I'm Furious The Instant Pot Makes Better Rice Than My Expensive Asian Rice Cooker

Like anything with a modicum of mainstream popularity, my reaction to the Instant Pot was initially dismissive. "I know how to cook," I convinced myself, "I don't need no novelty gimmicks to make good food." Nevertheless, I bought one for work. Skepticism still coursed through my veins. But after just one batch of fork-tender pot roast in 45 minutes, the rest, as they say, was happily ever after.

Still, there was one threshold I refused to allow the Instant Pot to cross. It involved my trusted rice cooker—an extremely Asian rice cooker—a futuristic appliance you'd mock me for owning if you knew how much I paid for it. (It plays a song when it's done cooking!) Rice was the last frontier, and I wasn't about to allow this $70 Instant Pot to usurp my [grumble grumble]-dollar Zojirushi from Outer Space.

Well, what do you know.

This stupid $70 appliance invented in Canada makes the superior rice.

Better. And quicker.

(This briefly and legitimately stirred up feelings of an ethnic identity crisis—inner monologue: "We Asians shall not be defeated!"—until I realized how ludicrous this sounded. And not that it should assuage my cultural insecurities, but an out-of-work Chinese immigrant did invent the Instant Pot and became a gazillionaire.)
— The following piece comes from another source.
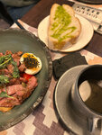 Атмосферное заведение, хорошее обслуживание, находится в центре Перми, много посетителей - пользуется популярностью. Но теперь о главном. Салат с тунцом был хорош, но можно поработать над выкладкой. Салат с баклажанами - дольки баклажанов слишком маленькие, чтобы почувствовать его вкус, но вот чего действительно много - это сыра в панировке. Результат - сырный салат с привкусом баклажанов. Выкладка хромает. Главное блюдо - говяжьи ребра. На вид блюдо нормальное, но что-то было с маринадом. Переперчили явно. Моя жена любит остренькое, но даже она не смогла есть. Сделали возврат. Пришёл человек с кухни, мило улыбнулся, сказал, что ребята переборщили с маринадом и передержали на гриле предложил исключить из счета и заменить на грудинку. Бифштекс взяли средней прожарки принесли полной прожарки, абсолютно сухой, как подошва, ни сока, ни вкуса. Сорри, не получился. Принесли грудинку - пересушили в шкафу, жёсткие волокна, внутри пленка, которую обычно удаляют. Десерт и чай - норм. Счёт в районе 3700 руб на двоих. Вечер не удался. Ощущение, что на кухне работают практиканты из кулинарного техникума. Это называется - головокружение от успехов, которое обычно приводит к скорому закрытию заведения. Мы с женой скорее всего не вернёмся сюда. Не хотим расстраиваться. Сорри, господа рестораторы. Все как на духу!

I now have zero hesitations declaring that the Instant Pot shall be our household's appliance of choice for making rice. I make it the same way every time:

“I hate that Instant Pot makes better rice” rice recipe

  1. Wash two cups of jasmine rice through a sieve to remove starches.
  2. Dump rice into pot, add two cups of water (or chicken broth).
  3. Add a pat of butter and a pinch of salt (and if you're me, MSG powder).
  4. Set Instant Pot on manual high pressure for four minutes, with vent sealed.
  5. Let cook, allow for 10 minutes of natural release.
  6. Fluff rice with the scoop paddle that came with Instant Pot. Serve.